Tuesday, November 17, 2020

Jews That Came to Oregon

 Nadene Goldfoot

We have 3 types of Jews;  the Mizrachim, Sephardim and Ashkenazim.  The Mizrachim found new shelter in and around Israel at the fall of the 2nd Temple in 70 CE in Jerusalem, and the Sephardim are Jews that made their way to Spain, and after 1492 to Portugal, and the Ashkenazim were taken from Rome  to Germany.  A few made their way to Oregon in the 1800s.  

 
 This is Beth Elohim Synagogue built by the Sephardic Jews in Charleston, South Carolina, dedicated in 1794.  This year marked that more Jews lived here than any other city in the country.  This drawing was by Solomon Carvalho, Courtesy from AJHS. It is built in the Sephardic style.  
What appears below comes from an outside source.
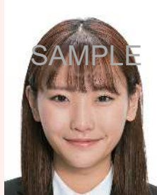
口角が上がる等により実際の容姿と著しく異なるもの

After America was discovered, the Sephardim started immigrating there  after the Mayflower had sailed in 1620.  These Jews came from 1654 to 1820.  They had a Spanish-Portuguese background and settled in 6 cities along the Eastern seaboard:  New York, Newport, Philadelphia, Richmond, Charleston and Savannah.

The Sephardim"were proud and aristocratic people, carrying the memory of the Golden Age in Iberia (Spain) to the more primitive American colonies.  Their occupations had been merchants, shippers, purveyors, and artisans.  The American Revolution of 1776 had about 2,500 Jews living in America.  By 1820 there were 5,000.  In 1720 more Ashkenazim from Central and Eastern European areas were living in America than the Sephardim.  The Sephardim were the dominate culture which lasted into the next century.  Jews supported the Revolution.  In fact, the Jews of New York and Newport resettled their families into Connecticut and Philadelphia because they were not willing to live under British rule.  George Washington had made it clear that all men were equal before the law.  This was a first in Western history that the age-old religious barriers had been so fully renounced. 

                                            

Latecomers of Sephardim came to Portland from Turkey and established the Ahavath Achim Synagogue.  They came from the Island of Rhodes and Mainland Turkey in the early 1900s.  They welcome Jews of all background.  My Ashkenazi cousin married a Sephardi-Turkish person and attend here.  It's happening in Israel, too, that Jews intermarry other Jews.  Here, they still maintain Ladino-Sephardic customs of the Ottoman Empire days.  

                                                                            

 The peddler at a farm in about 1850.  German Jewish immigrants began life in America as peddlers, which my grandfather did when he came to Portland in about 1905 and lived in South Portland, the Jewish area near the synagogues.  He died in 1912, father of 3 with one still on the way in his horse and wagon accident.  He had no I.D. on him or his wagon.  Unconscious, he was taken to St. Vincent's Hospital, in a different location than today.  He died, having never woken up.  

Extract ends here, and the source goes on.